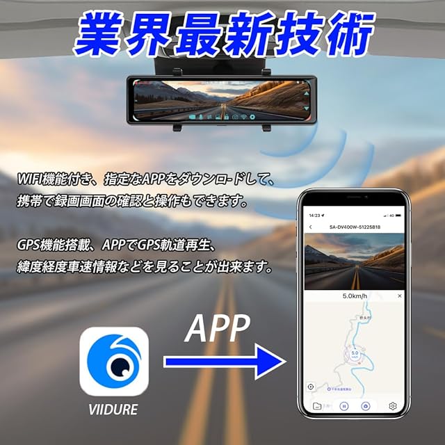 【GPS機能搭載】GPS搭載で、自車の走行速度や位置情報(経緯度)を録画データと共に記録できるため、証拠能力も一段と強化されます。パソコン専用の再生ソフトで走行の足跡、速度、経緯を一目瞭然。万が一、事故を遭えたら、証拠として警察に提出すれば役が立てます。【地デジ対応済】本製品は地デジ、ナビ、TVなどに影響を与えないよう、基盤部、レンズ部、リア電源ケーブルなどノイズ対策を行っています。ノイズを最大程度まで低減します。【東西日本のLED信号機対応】LED信号機の点滅周期に影響されにくいフレームレート 27.5fpsを採用しているので、電源周波数60Hzの西日本エリアでも点灯する信号機を確実に撮影できます。※LEDラインを点滅に撮影することが正常な仕様です。Wifi機能搭載、本体モニターではなく、携帯も録画動画を見れます、更に、携帯のAPPでGPS軌道再生、緯度経度車速情報などを見ることが出来ます。
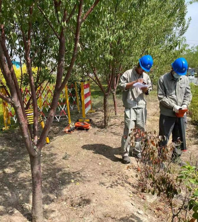 分局了解相關情況后,立即組織配電檢修試驗班人員攜帶儀器前往現(xiàn)場。經(jīng)現(xiàn)場勘察了解,該校區(qū)擴建區(qū)域涉及原居民用房及垃圾場所在地,位于小區(qū)、商業(yè)樓和沙河一小北區(qū)中間地帶,用戶較多,地下線路比較復雜,且部分電纜位于擴建項目未拆除墻體內側,為保障電纜在施工過程中不受外力破壞、確保周圍用戶用電不被影響,工作人員在征得用戶同意后,對內外側整段電纜進行了探測。工作人員熟練調試儀器參數(shù),沿著電纜起點逐步探測,耐心排除干擾信號,確保精準判斷電纜走向。頭頂夏日灼熱陽光,在兩個小時的緊張工作后,終于確定了該區(qū)域所有電纜路徑及埋深,此時已過了中午。該小學擴建項目負責人向分局工作人表達了感謝:“這么大熱天,真是辛苦你們了,要不是有你們這么專業(yè)的儀器,我們施工風險肯定會增加,工期也可能會有延誤,供電局的技術和服務真是沒的說。”
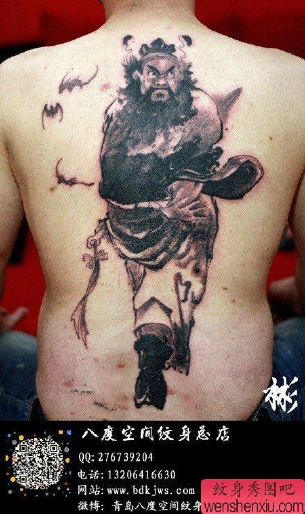 男士后背超霸气的水墨风格的满背钟馗纹身图案
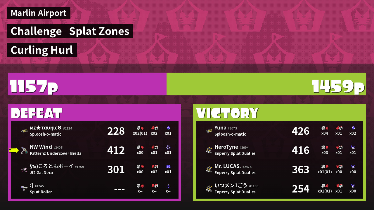| Weapon | Patternz Undercover Brella ( Curling Bomb / Killer Wail 5.1) | ||
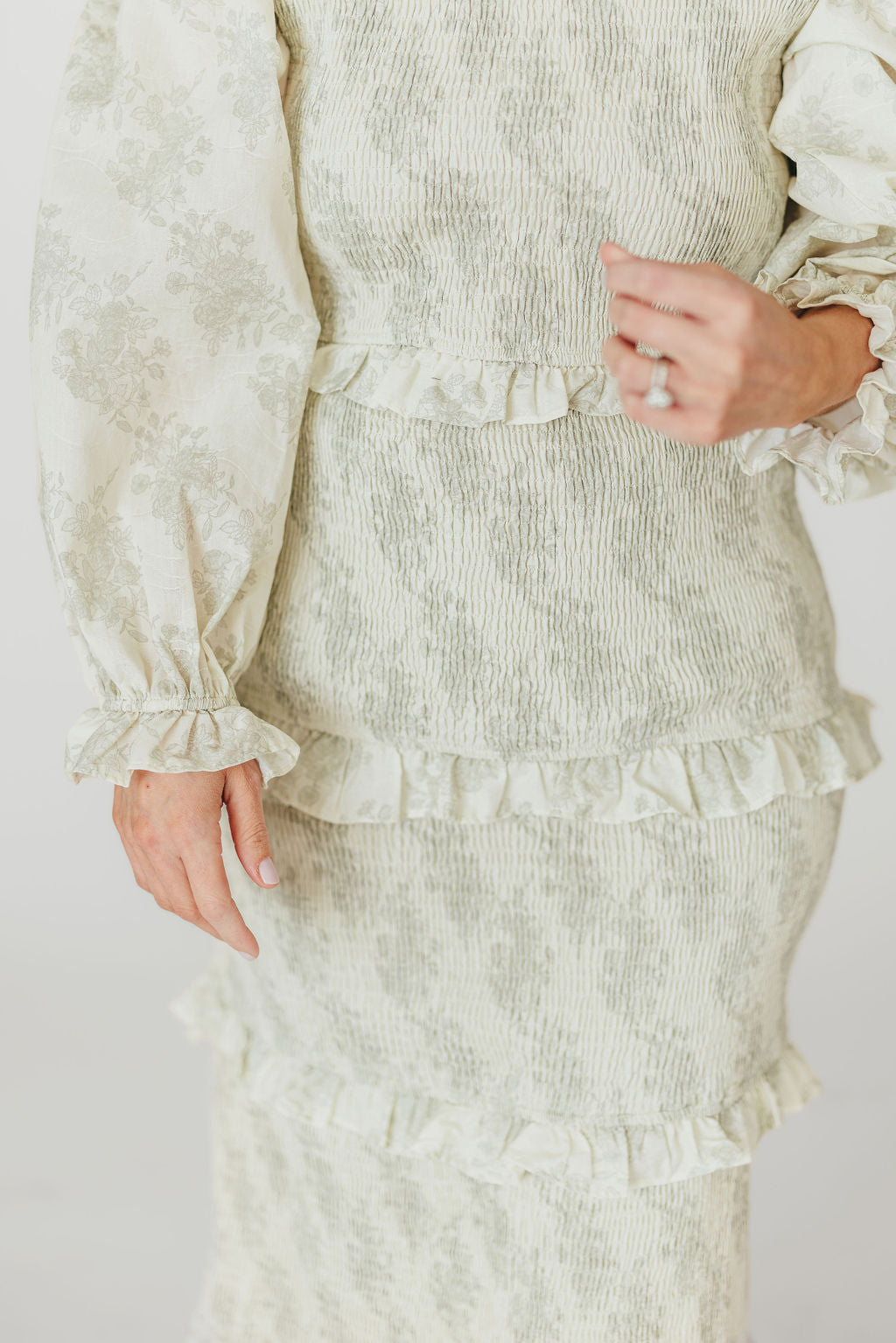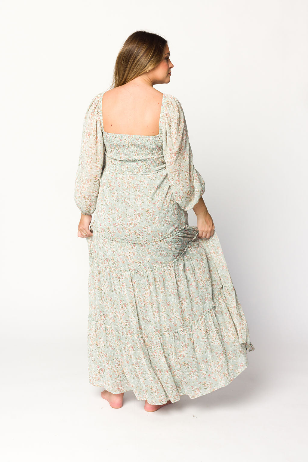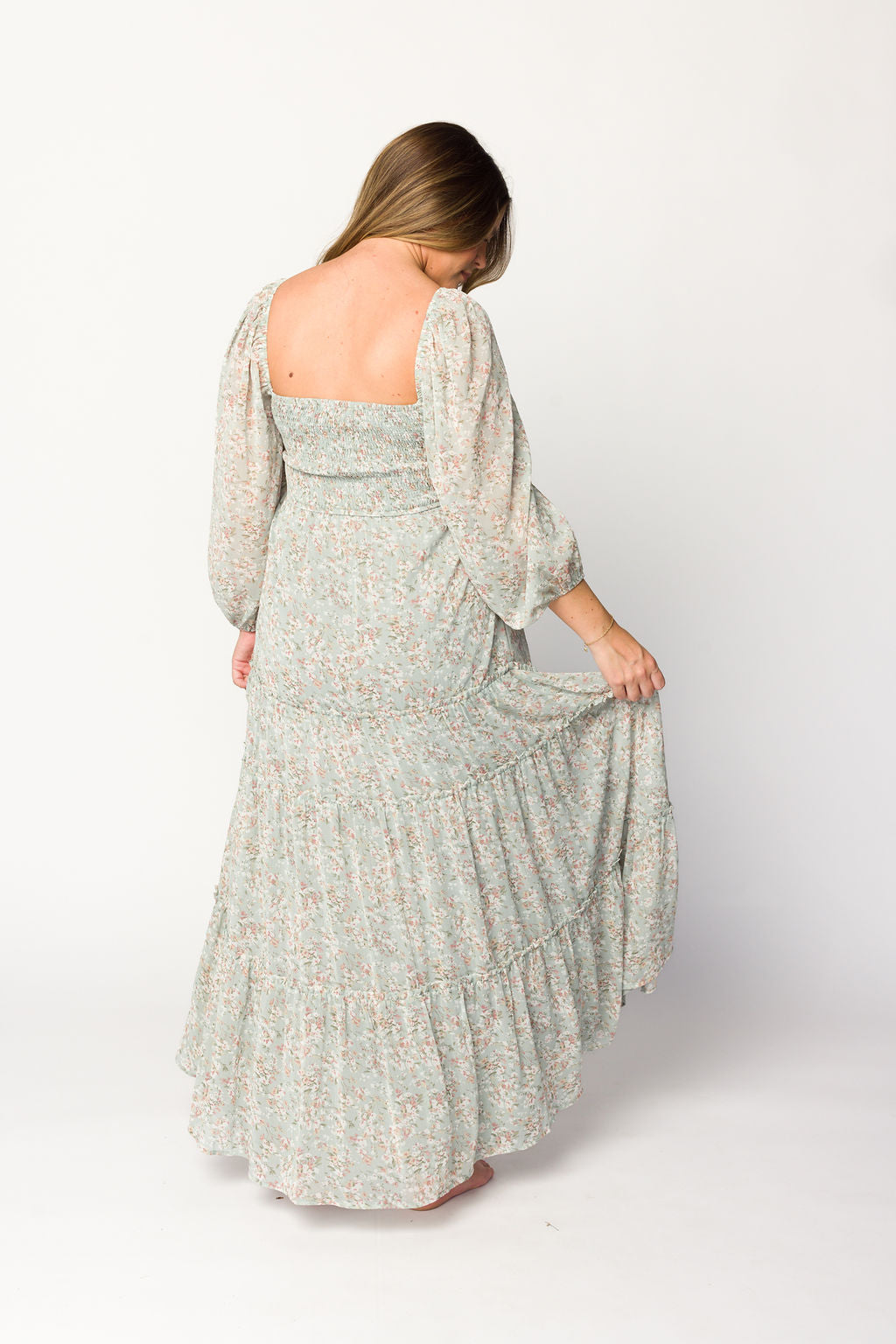 Daphne Long Sleeve Maxi Dress in Sage/Pink/Ivory Floral - Bump Friendly & Inclusive Sizing (XS-3XL)
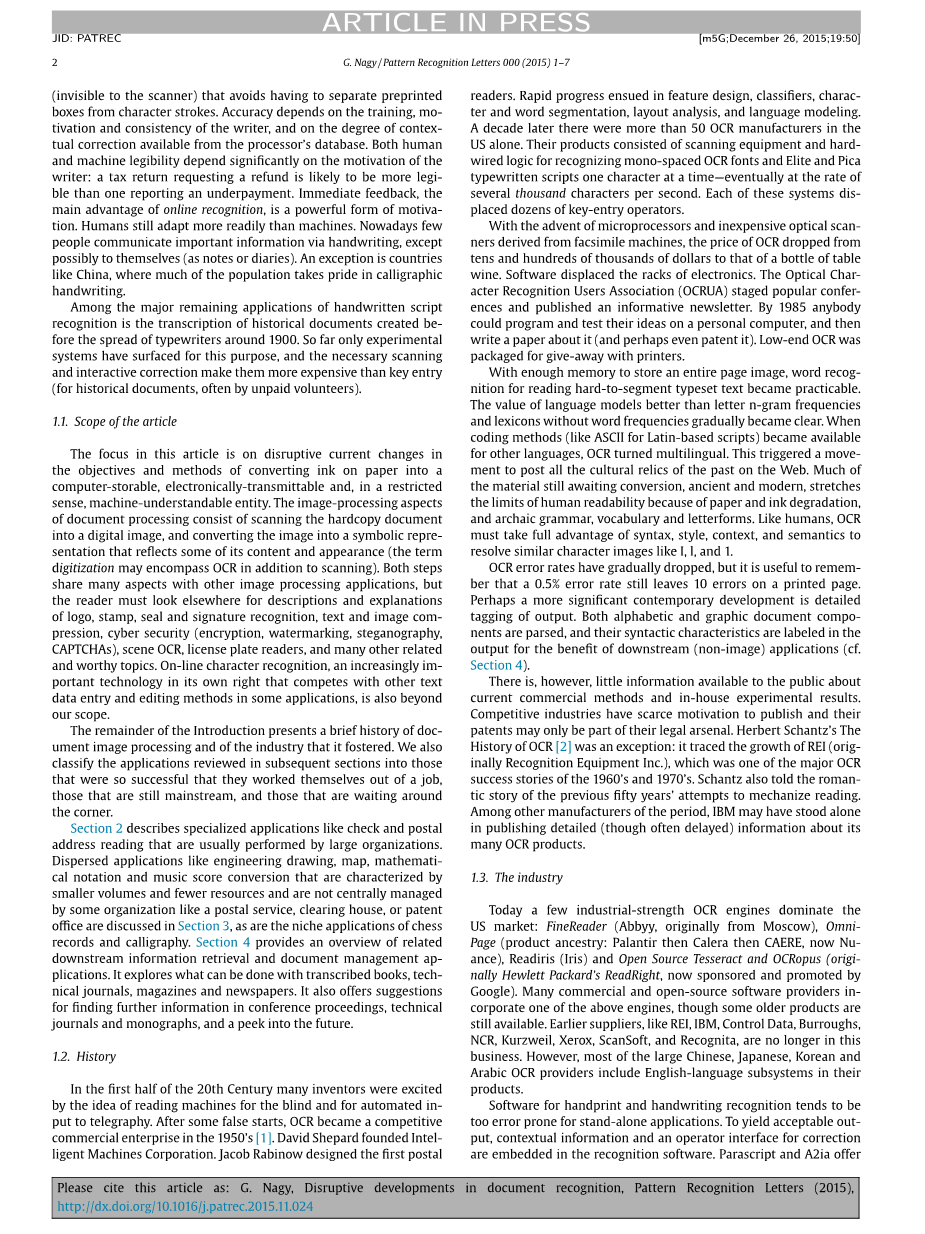 然而,向公众提供关于当前商业内部方法和实验结果都属于小信息。竞争性行业稀缺使得他们动机发布专利可能只是为了法律。赫伯特对OCR的注意力的是历史一个例外: REI (orig-inally识别设备公司),这是一个主要的OCR 1960年代和1970年代的成功故事。他还告诉前面的五十年的浪漫故事是可以实现机械化阅读。其他制造商,IBM可能独自站在发布详细的(虽然经常延迟)许多OCR产品信息。

*Task brief:* What is needed is an exact copy of every line from the one with "分局了解相關情況后,立即組織" to the end of the listing above, with the pictures left out.

*Solution for this task:*
 分局了解相關情況后,立即組織配電檢修試驗班人員攜帶儀器前往現(xiàn)場。經(jīng)現(xiàn)場勘察了解,該校區(qū)擴建區(qū)域涉及原居民用房及垃圾場所在地,位于小區(qū)、商業(yè)樓和沙河一小北區(qū)中間地帶,用戶較多,地下線路比較復雜,且部分電纜位于擴建項目未拆除墻體內側,為保障電纜在施工過程中不受外力破壞、確保周圍用戶用電不被影響,工作人員在征得用戶同意后,對內外側整段電纜進行了探測。工作人員熟練調試儀器參數(shù),沿著電纜起點逐步探測,耐心排除干擾信號,確保精準判斷電纜走向。頭頂夏日灼熱陽光,在兩個小時的緊張工作后,終于確定了該區(qū)域所有電纜路徑及埋深,此時已過了中午。該小學擴建項目負責人向分局工作人表達了感謝:“這么大熱天,真是辛苦你們了,要不是有你們這么專業(yè)的儀器,我們施工風險肯定會增加,工期也可能會有延誤,供電局的技術和服務真是沒的說。”
 男士后背超霸气的水墨风格的满背钟馗纹身图案
| Weapon | Patternz Undercover Brella ( Curling Bomb / Killer Wail 5.1) | ||
 Daphne Long Sleeve Maxi Dress in Sage/Pink/Ivory Floral - Bump Friendly & Inclusive Sizing (XS-3XL)
 然而,向公众提供关于当前商业内部方法和实验结果都属于小信息。竞争性行业稀缺使得他们动机发布专利可能只是为了法律。赫伯特对OCR的注意力的是历史一个例外: REI (orig-inally识别设备公司),这是一个主要的OCR 1960年代和1970年代的成功故事。他还告诉前面的五十年的浪漫故事是可以实现机械化阅读。其他制造商,IBM可能独自站在发布详细的(虽然经常延迟)许多OCR产品信息。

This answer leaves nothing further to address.